Ich habe folgendes Problem:

Ich möchte 2 Computer per Netzwerkkabel verbinden (Windows 7 und Win XP) und mit beiden Rechnern ins Internet.
Allerdings verfügt nur der XP Rechner über WLAN.

Jetzt hab ich mich schon überall durchgeklickt und ein wenig mit Ad-hoc und Verbindungen überbrücken gespielt aber
ich komme nicht weiter, was auch daran liegt das ich nicht sehr viel Ahnung von Win 7 habe 

Das Netzwerk zwischen den PC`s kriege ich zustande, der XP PC kommt auch ins Internet, aber der Win 7 Rechner sagt
das er keinen Internetzgriff hat  Jemand eine Idee was ich Einstellen muss?

Danke schonmal im Vorraus


----------



## cultraider (8. November 2011)

um beide computer miteinander mit einem netzwerkkabel zu verbinden benötigst du ersteinmal ein crossoverpatchkabel.
(also wenn du kein hub oder switch hast)
und du musst eine netzwerkbrücke erstellen und zwar mit der lanverbindung zum anderen rechner und mit der wlanverbindung ins inet.
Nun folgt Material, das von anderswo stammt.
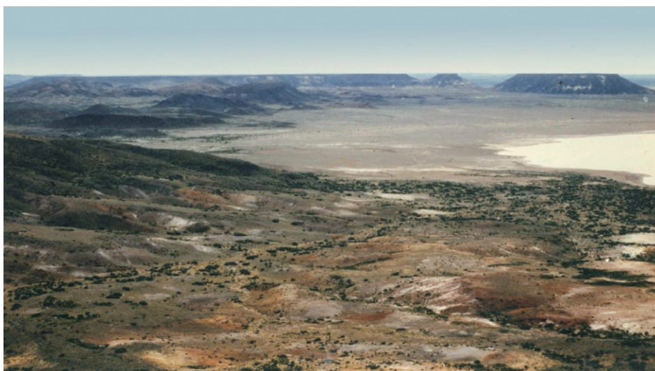
Foto 1. Características topográficas del área de estudio. Distrito Patagónico Central en Santa Cruz.

En este estudio la hembra cumplió un rol protagónico en la defensa del territorio de nidificación. No obstante, no debe soslayarse la importante contribución del macho en esta tarea durante el período de crianza (al menos 13 ataques registrados por parte de este ejemplar durante el período mencionado). Este fenómeno quizás pueda encontrar una explicación en la equiparación temprana de roles que se da en esta especie (a diferencia de la mayoría de las aves de presa) cuando, a partir de los 10 días de vida de los pichones, la hembra comienza a dejar el nido para colaborar con el macho en la captura de presas (Balgooyen, 1976) (esto implicaría una menor responsabilidad del macho en la provisión de alimentos y, por lo tanto, la posibilidad de destinar un porcentaje mayor de su tiempo a la custodia del nido). Con respecto a este último ítem, la hembra que nos ocupa fue vista capturando y llevando presas al nido (lagartijas) incluso con anterioridad a los 10 días de vida de los pichones. Observaciones focales de este nido demostraron que la hembra ya realizaba el 20 % de los aportes de alimento al nido en esta primera etapa del período de crianza (De Lucca, 1993).
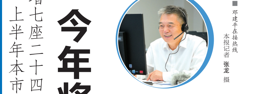
邓建平在接听热线

今年上午，上海市绿化市容局党组书记、局长邓建平走进新民晚报夏令热线，接听市民来电并接受采访。邓建平表示，今年将推动单位附属绿地开放40个，完成1200座环卫公厕适老化适幼化改造，2024年至2026年将再建设300个“美丽街区”。此外，还将不断优化生活垃圾全程分类体系，推动垃圾分类提质增效。

musst halt mal etwas rumfummeln, dauert n bissl bis man sich da durchgefuchst hat 

ist aber auch blöd  zu erklären sorry


----------



## der_yappi (8. November 2011)

Er brauch nicht unbedingt ein Crossover Kabel.
Heutige LANs im PC haben zumeist AutoMDIX.
Sie erkennen also was für ein Kabel angeschlossen ist ind belegen intern die Ports passend um.

Sehe ich das Richtig?
Router ~WLAN~ XP-PC <-Kabel-> Win7 PC
Wenn du das hardwaretechnisch so realisiert hast, must du beim XP-PC noch die "Internetverbindungsfreigabe" einrichten / aktivieren.
HIER ein kleines HowTo direkt von MS.

Aber wärs nicht praktikabler den Non-Internet-PC mit nem WLAN USB Stick oder ner WLAN-PCI(e) Karte aufzurüsten??
Oder in per DLAN an den Router anzuschließen??


----------



## Hamleterror (8. November 2011)

Danke für die Tipps, ich werd mich mal der Internetverbindungsfreigabe zuwenden.
Das Kabel dürfte kein Problem sein, die Verbindung steht ja zwischen den PC`s nur das Inet kommt nicht zu PC2

Klar, den auch einfach über WLAN reinhauen wäre am einfachsten aber vom Standpunkt des Rechners kriege ich
einfach kein gescheites Netz aufgebaut, schon diverse KArten/Sticks ausprobiert 

Ich hoffe mal das die Internetverbindungsfreigabeanweisung mich weiter bringt


----------



## $DaViD$ (8. November 2011)

Wie schon gesagt wurde von der_yappi versuchs mal mit DLAN ist echt eine tolle Sache, nur die Hardware ist einbisschen teuer 

AC Inter-Tech PowerLAN Adapter Nitrox PLA-200 - Computer Shop - Hardware, Notebook


----------



## Hamleterror (8. November 2011)

Problem gelöst 

Hatte beim Rechner ohne direkte Internetverbindung nur vergessen die statische ip auf eine automatische zu ändern.
Dann hat alles so funktioniert wie ichs wollte dank gemeinsamer netzwerkverbindung 

Jo DLAN kenn ich auch, aber für den moment reicht mir die Möglichkeit wie sie jetzt ist, da brauch ich auch nix kaufen 

danke an alle!


----------